• _Work to be completed_
Please repeat exactly the lines from the one containing "图 学生在欣赏书法作品" through the last line of the records, both included, and nothing else, leaving out any pictures.

───── Exercise input

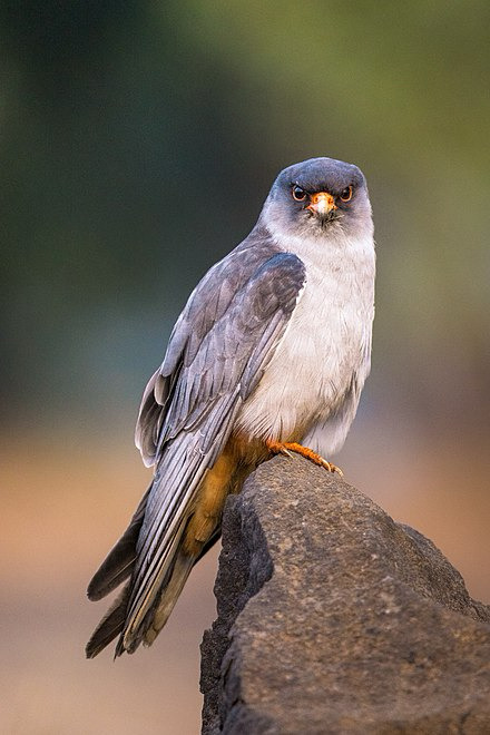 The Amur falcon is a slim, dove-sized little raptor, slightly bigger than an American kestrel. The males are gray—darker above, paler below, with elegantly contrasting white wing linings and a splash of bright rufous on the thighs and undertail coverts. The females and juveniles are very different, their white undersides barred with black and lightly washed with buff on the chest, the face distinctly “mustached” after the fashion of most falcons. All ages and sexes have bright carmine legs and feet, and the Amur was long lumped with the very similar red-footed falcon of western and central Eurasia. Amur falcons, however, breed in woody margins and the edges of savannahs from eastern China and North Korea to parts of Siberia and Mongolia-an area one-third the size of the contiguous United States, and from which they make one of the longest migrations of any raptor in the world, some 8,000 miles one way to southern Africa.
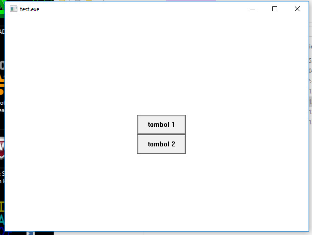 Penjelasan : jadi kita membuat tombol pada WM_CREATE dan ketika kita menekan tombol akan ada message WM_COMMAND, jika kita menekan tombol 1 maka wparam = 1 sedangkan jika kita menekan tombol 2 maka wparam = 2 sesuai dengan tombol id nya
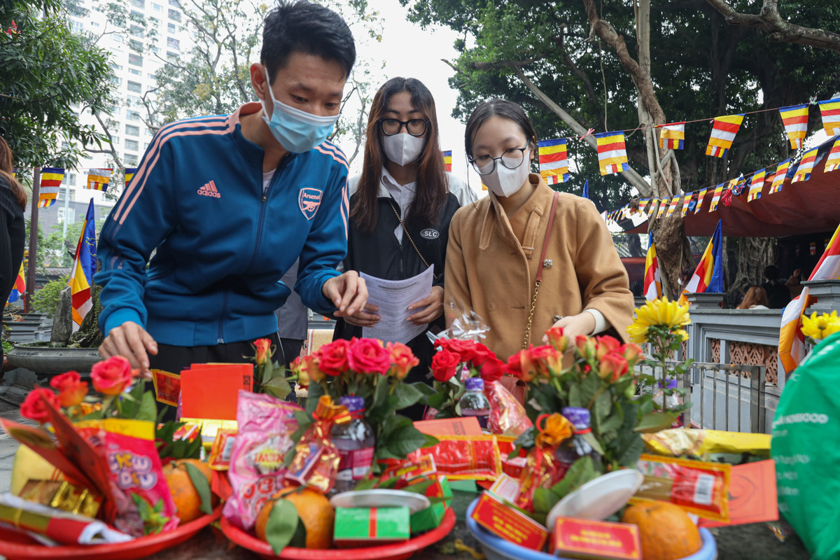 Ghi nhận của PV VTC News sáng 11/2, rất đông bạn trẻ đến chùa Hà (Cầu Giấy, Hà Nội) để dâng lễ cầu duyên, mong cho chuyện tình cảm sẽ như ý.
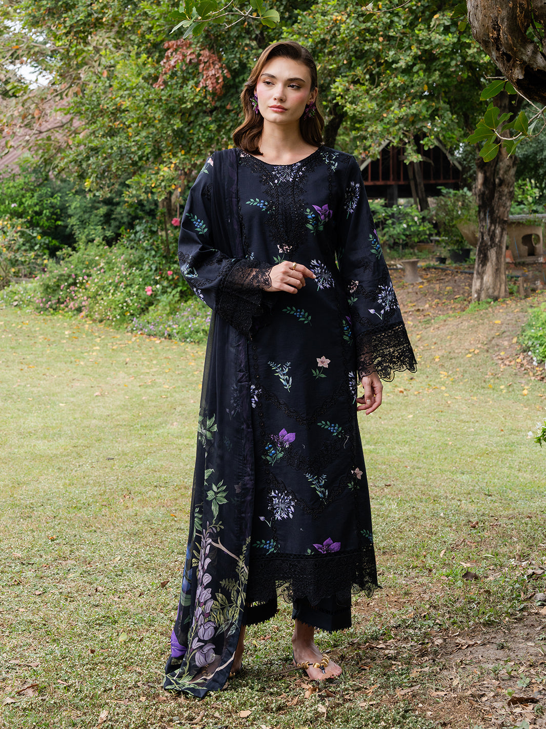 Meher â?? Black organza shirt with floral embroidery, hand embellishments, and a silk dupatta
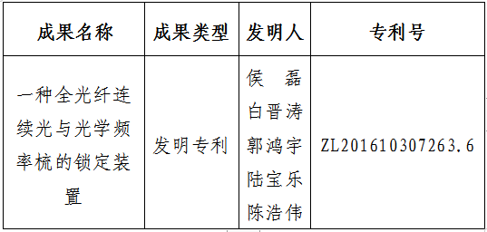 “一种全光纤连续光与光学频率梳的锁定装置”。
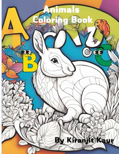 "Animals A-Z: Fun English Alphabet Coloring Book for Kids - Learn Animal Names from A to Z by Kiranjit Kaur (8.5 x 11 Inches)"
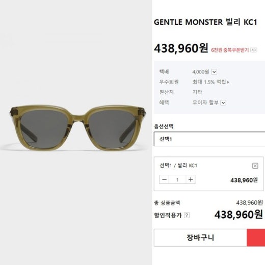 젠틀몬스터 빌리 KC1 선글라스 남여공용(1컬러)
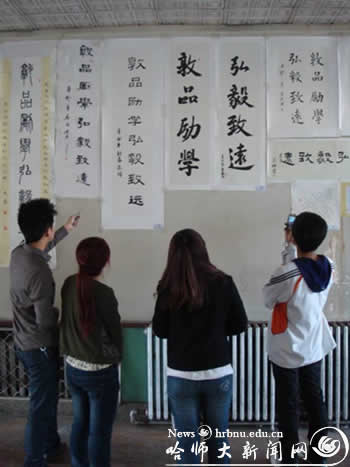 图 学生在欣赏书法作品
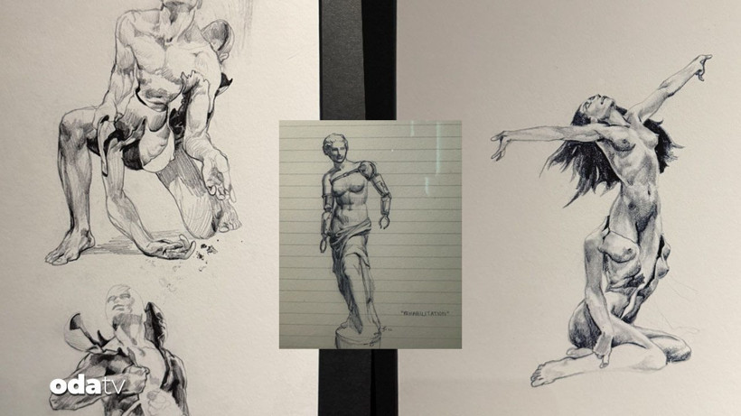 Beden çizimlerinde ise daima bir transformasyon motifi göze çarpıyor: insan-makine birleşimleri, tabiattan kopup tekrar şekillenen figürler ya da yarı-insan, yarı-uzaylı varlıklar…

──────────

• _Task answer_
 图 学生在欣赏书法作品
 Beden çizimlerinde ise daima bir transformasyon motifi göze çarpıyor: insan-makine birleşimleri, tabiattan kopup tekrar şekillenen figürler ya da yarı-insan, yarı-uzaylı varlıklar…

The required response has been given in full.